If any of these patterns sound familiar, the relationship was bound to end because we are no longer a conquest and cannot fill the emptiness the narcissist is constantly seeking. The ending of this relationship feels so awful because we unknowingly put all our energy and effort into pleasing someone who was never going to commit, and is too selfish and self-absorbed to acknowledge our pain. It is not our fault he/she started mistreating, ignoring, and lying to us; simply disregarding us as a human being. Perhaps we started to question our own morals and wondered if we deserved this abusive treatment. And many of us will even try harder to recapture the loving relationship we had in the beginning.

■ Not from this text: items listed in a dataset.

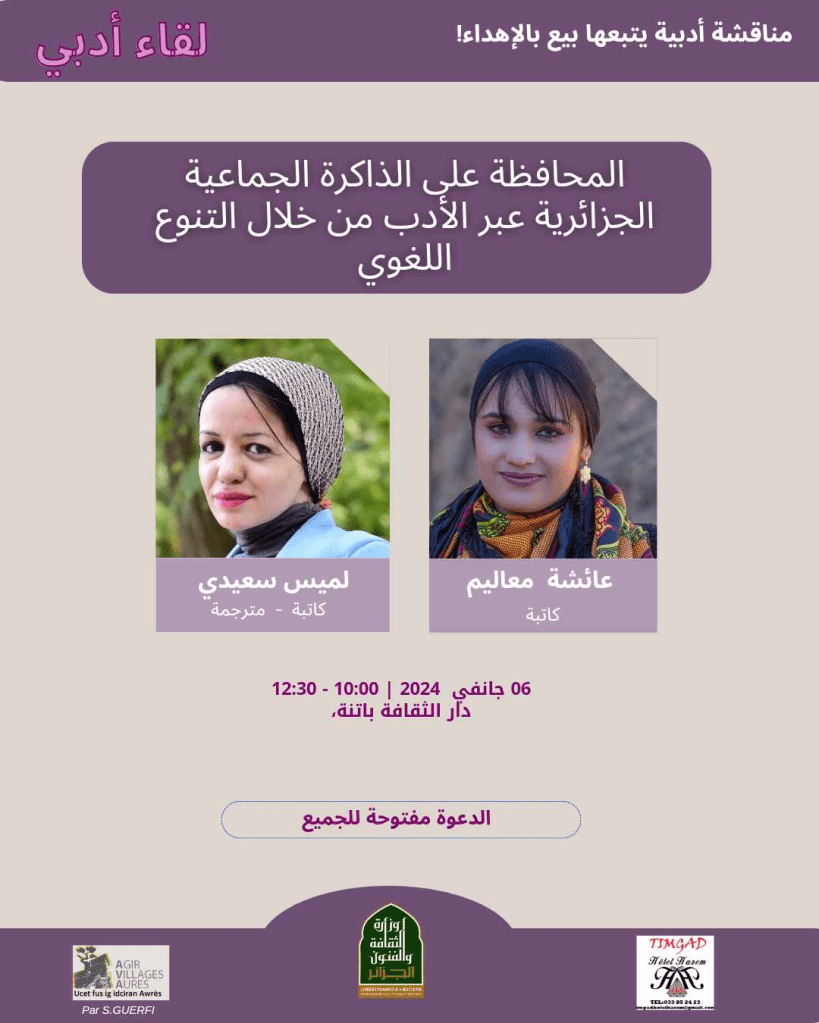 Comme il arrive souvent dans ce blog, je reçois aujourd’hui le journaliste et auteur et « chasseur d’images » du pays Chaoui, Rachid HAMATOU, qui nous fait le compte rendu d’une rencontre qui a eu lieu ce matin de samedi à la maison de la culture de Batna, et qui a eu pour thème l’oeuvre de Yamina Mechakra et la traduction de son roman Arris par la traductrice et autrice Lamis Saidi (éditions El Kalima, Octobre 2023); mais aussi la découverte de la plume de la jeune autrice Aicha Maalim.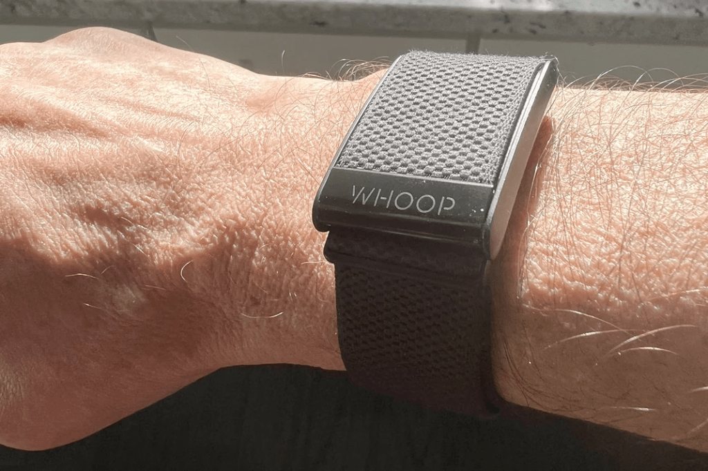 The Whoop 4.0 is a wearable fitness tracker. Its goal is to optimize your exercise and recovery time by tracking metrics like body temperature, heart rate, sleeping patterns, blood oxygen levels, and respiratory rate. From these metrics, Whoop has created software to calculate recovery time, required sleep, and strain score.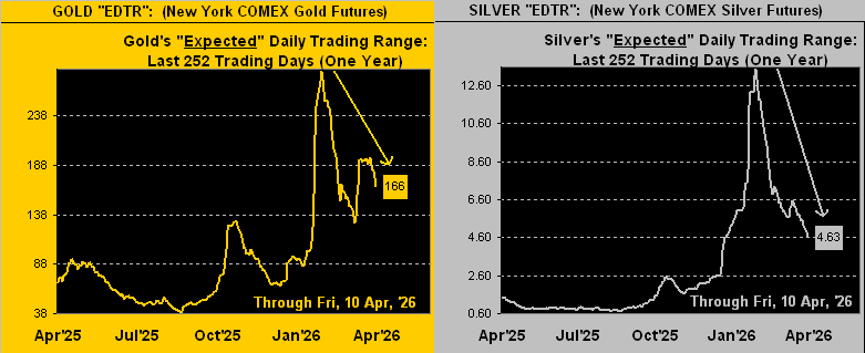 Broadly, Squire, Gold’s ranginess indeed can still be characterized as “wide”, yet of late clearly compressing, as too is that for Silver. Here from a year ago-to-date per the website are the EDTRs (“expected daily trading ranges”) for Gold on the left and for Silver on the right, both well off their respective peaks of recent weeks; (again for you WestPalmBeachers down there, this is not price, rather the expected range thereto from day-to-day):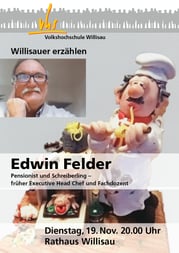 Edwin Felder war schon als Bub immer «gwonderig» Dieser «Gwonder» trieb den jungen Koch aus dem Restaurant Sonne in Willisau hinaus in die grosse weite Welt. Er lernte und lehrte an namhaften Institutionen und Hotelfachschulen, Food & Beverages sowie die Gesamtlogistik der Airline- und Bahngastronomie. «Ein Willisauer in Japan» war nicht länger nur ein geflügeltes Wort. An der Expo 1985 in Tsukuba, Japan, machte er die Schweizer Kulinarik dem internationalen Publikum schmackhaft. Nach seiner Pension wurde aus dem Koch ein Autor und Erzähler. «Mis ach so wunderbar verrockt schöns Läbe» – im Gespräch mit der Journalistin Chantal Bossard wird Edwin Felder aus seinem spannenden Leben erzählen bestärken und aufzuzeigen, wie wir sie als Einzelne und als Gesellschaft unterstützen können.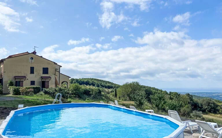 Landhaus "Bellavista", auf 3 Stockwerken, einseitig angebaut, umgeben von Wiesen und Feldern. 4 Wohnungen im Ferienhaus. Am Ortsrand, 1.2 km vom Zentrum von Castellina Marittima, alleinstehende, ruhige, erhöhte Lage, 10 m vom Waldrand, 17 km vom Meer, 17 km vom Strand. Zur Mitbenutzung: Grundstück, Aufstellpool rund (5 m Durchmesser, 125 - 125 cm tief, saisonale Verfügbarkeit: 01.Jun. - 30.Sep.). Poolpflege durch den Besitzer/Gärtner. Im Hause: Waschmaschine, Wäschetrockner (zur Mitbenutzung). Zufahrt (100 m Naturweg). Parkplatz auf dem Grundstück. Einkaufsgeschäft 1.2 km, Lebensmittelgeschäft 1.2 km, Restaurant 700 m, Bushaltestelle 100 m, Sandstrand "Vada" 17 km, Thermalbad "Casciana Terme" 30 km. Nahe gelegene Sehenswürdigkeiten: Pisa 50 km, Lucca 70 km, Firenze 120 km.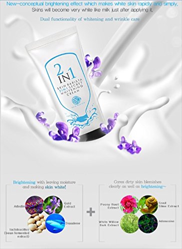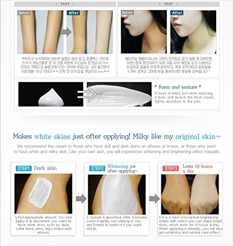 New Conceptual whitening effect different from make-up products. It is not a make-up product, but a new-conceptual brightening cream, has no sticky feeling and gives soft texture like fresh cream, it makes skin white just after applying and it will last for maximum of 10 hours just applying once.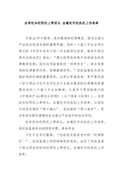 / 【七哥公文】2024年:在学纪知纪明纪上带好头 在遵纪守纪执纪上作表率+更多免费公文+VX:QiGeGongWen2024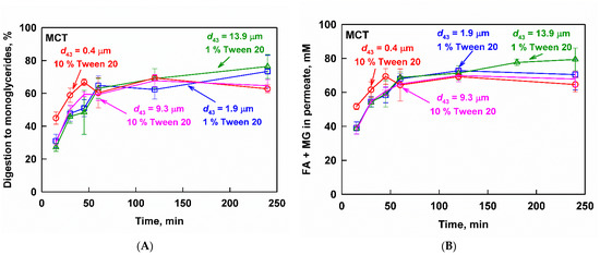 - Vinarov, Z.; Tcholakova, S.; Damyanova, B.; Atanasov, Y.; Denkov, N.D.; Stoyanov, S.D.; Pelan, E.; Lips, A. Effects of Emulsifier Charge and Concentration on Pancreatic Lipolysis: 2. Interplay of Emulsifiers and Biles. Langmuir 2012, 28, 12140–12150. [Google Scholar] [CrossRef] [PubMed]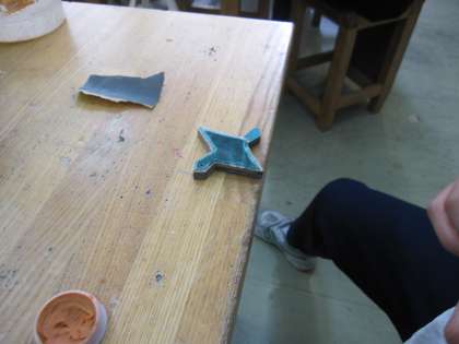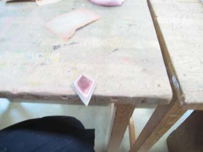色の違う木が何層にも重ねられた材料を自分の好きな形にカットし、ひたすら磨きます。ペンダントやキーホルダーになります。

We start to feel obsessed with “fixing” what is broken in order to feel better, and the more our efforts are squashed, the more persistent we become.

We question who this person is that we are chasing and start to feel “crazy” because nothing is changing. This is because our efforts are toward a losing battle.  The relationship is no longer an opportunity to be won for the narcissist. The reason we now feel like an object is because he/she no longer has any use for us after depleting all we could give. He/she will never open up emotionally no matter how hard we try because the person we thought we knew has completed the narcissistic cycle of abuse and needs to draw the energy and innocence from a new victim.

When we first met, he took me out and noticed everything about me. He made me feel as though everything I said was interesting and he was enthusiastic about spending time with me. It felt so exhilarating to be with him that I didn’t even notice the quick flip. It wasn’t long before the time we spent together dwindled and I would crave the limited time he gave me. I would take great pride to dress up and impress him, yet there were no more compliments. When I worked tirelessly on a project and felt great accomplishment, he minimized my efforts.

During the then rarity we went out on a date, he would walk in front of me without taking my hand. When we went to parties, he talked with other women while I was standing right there beside him. These were subtleties of the power he won over me that fed his warped ego. Toward the end, our intimate moments left me feeling used and insignificant. There was refusal to look into my eyes, as though I would see into his heartless and empty self. I allowed these experiences to make me feel like a subordinate because my self-esteem had plummeted and my self-respect diminished.

The narcissist will end the relationship just as quickly and smoothly as it began, and the coldness, harshness, and apathy leaves us feeling worthless. He/she will cut off contact so abruptly that we want to curl into ball and disappear. Being consumed under the narcissist’s spell is not our fault and recovering from this will take time.

Our body, mind, and soul will heal, and a stronger self will allow us to feel more attuned, perceptive, and emotionally intelligent. Understanding this whirlwind will show that we do possess tremendous value, and our desire to love deserves to be loved from a genuine and warmhearted partner. Take the time to define what is important, and let no one doubt these convictions.

Let’s keep our heart open and full of courage, and we will find our way to the fulfillment we deserve.